Two Port Spaces, One Datapath
A reimplementer who builds a single "port" abstraction will mis-decode VEX. The binary keeps two:
logical (front-end) physical (encoder)
──────────────────── ──────────────────
VregReadPort 0..9 SparsecoreVregReadPort V0..V6 (0..6)
│ │
│ GetVexSourcePortEncoding (resolver) │ FindAndEmitToUnusedPort (allocator)
▼ ▼
VexSourcePortEncoding 0..7 proto slot +0x1c+4*p (present 1<<(p+1) @ +0x10)
(the scan's SourceOne / seed selector) │
│ SparseCoreTecVectorExtendedEncoder (BitCopy)
▼
bundle 6-bit selector @ {0x15a,0x1bb,0x1c7,0x196,0x1a2,0x171,0x17d}
- The logical space is what a
SourceOne-style selector references: "feed the scan's seed/carry-in from this source bus." Its legal images are the 8VexSourcePortEncodingvalues. TwoVregReadPortvalues —V3_X(8) andMISC_AUX(9) — are not reachable as VEX source encodings and are hard-rejected by the resolver. - The physical space is the per-bundle read-port allocation: the encoder has 7 physical operand-selector fields (V0..V6) in the VEX bundle word, and
FindAndEmitToUnusedPortassigns each emitted operand the lowest still-free one. The operand's vregno (0..0x3f) is what lands in the selector, not the source-bus code.
The connection: the logical VexSourcePortEncoding names the bus a seed reads from; the physical V0..V6 selectors carry the vregnos the bundle reads each cycle. The SourceOne seed carried in the bundle is the logical encoding; the operand reads it allocates are the physical selectors.

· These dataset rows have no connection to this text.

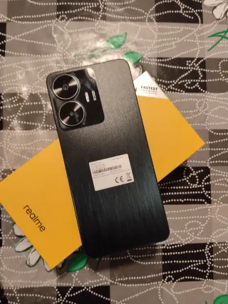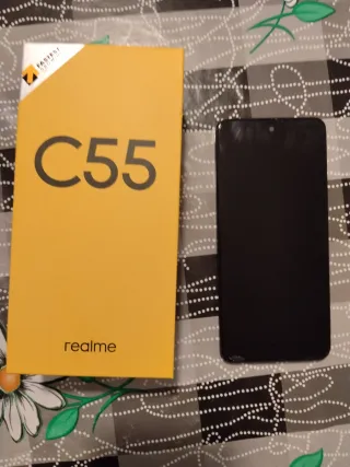 Teléfono móvil Realme C55 en color negro. Diseño elegante y moderno. - Acabado trasero con textura. - Módulo de cámara distintivo.
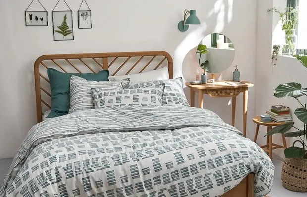 La cabecera de la cama se hizo con tablas envejecidas, convirtiéndose en una estantería para almacenar decoraciones y libros. Una solución económica pero impactante.
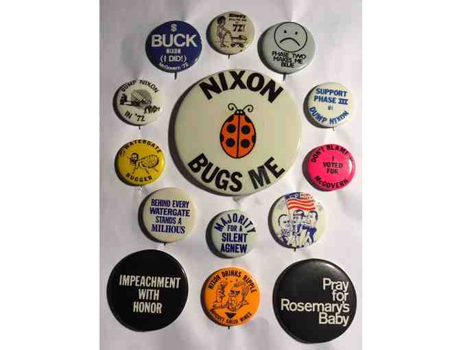 Some of these 14 items were produced by the George McGovern campaign who ran unsuccessfully against Richard Nixon in 1968 when Nixon was elected President and became the 37th President of the United States. Nixon also won the 1972 General Election but was disgraced by the Watergate scandal and resigned in 1974.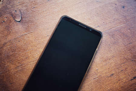 Close up shot of a smart phone on a wooden table, with shallow depth of field.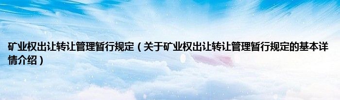 本文关于矿业权出让转让管理暂行规定的基本详情介绍就讲解完毕,希望对大家有所帮助。

The Source-Port Encoding (VexSourcePortEncoding)
The resolver
GetVexSourcePortEncoding(VregReadPort) is a per-target free function returning StatusOr<VexSourcePortEncoding> (here absl::internal_statusor::Helper* carrying the int payload at +0x8 and the status word at +0x0). The glc (Ghostlite) instance at 0x1c5ee280 and the vfc (Viperfish) instance at 0x1c5d2e80 are byte-for-byte the same switch shape; only the error-string suffix and the source-file path differ:
// xla::ghostlite::GhostliteProtoUtils::GetVexSourcePortEncoding(VregReadPort port) (glc/Ghostlite 0x1c5ee280)

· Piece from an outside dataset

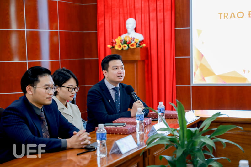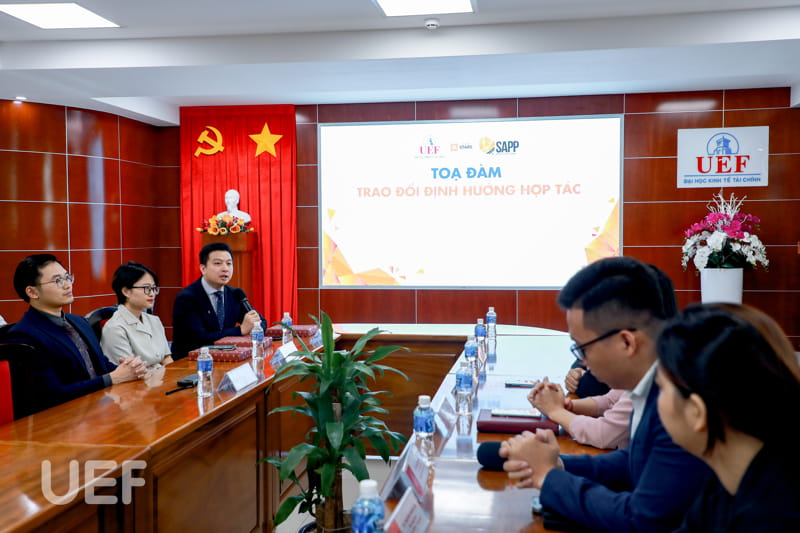 Phát biểu mở đầu chương trình, ông Đỗ Quốc Anh - Phó Chủ tịch Hội đồng trường đã giới thiệu thông tin tổng quan về UEF, đồng thời nhấn mạnh đối tác SAPP Academy là đơn vị đào tạo hàng đầu Việt Nam trong lĩnh vực kế toán, kiểm toán, tài chính và đầu tư. Việc ký kết hợp tác sẽ mang lại nhiều lợi ích cho sinh viên, hai bên cùng nhau triển khai các chương trình đào tạo, cuộc thi học thuật, hoạt động ngoại khóa để tăng cường kiến thức, rèn luyện kỹ năng thực tế cho sinh viên. Ông Quốc Anh cũng bày tỏ hy vọng về mối quan hệ hợp tác bền chặt giữa UEF và SAPP Academy trong thời gian sắp tới.

// this = StatusOr<VexSourcePortEncoding> out; *(int*)(this+8) = encoding; *(qword)this = 1 (=OK)
switch (port) {
case 0: *(int*)(this+8) = 0; *(qword)this = 1; return this; // VST_SOURCE → OK
case 1: *(int*)(this+8) = 1; goto ok; // V0_Y_VREG
case 2: *(int*)(this+8) = 2; goto ok; // V0_X
case 3: *(int*)(this+8) = 3; goto ok; // V1_Y_VREG
case 4: *(int*)(this+8) = 4; goto ok; // V1_X
case 5: *(int*)(this+8) = 5; goto ok; // V2_Y_VREG
case 6: *(int*)(this+8) = 6; goto ok; // V2_X
case 7: *(int*)(this+8) = 7; ok: *(qword)this = 1; return this; // V3_Y_VREG → OK
case 8: /* InvalidArgument: "The V3_X slot (port number 8) cannot be used by a VEX instruction." (len 66) */
case 9: /* InvalidArgument: "MISC_AUX not supported on GLC" (len 29) */
}
The legal range is exactly [0,7]: the resolver returns the identity encoding (encoding == port) with OK for those eight, and constructs an InvalidArgument Status for 8 and 9. The encoding is the value, not a table index — a reimplementer must hard-code the {0..7}→{0..7} identity and the two rejection messages, not derive them.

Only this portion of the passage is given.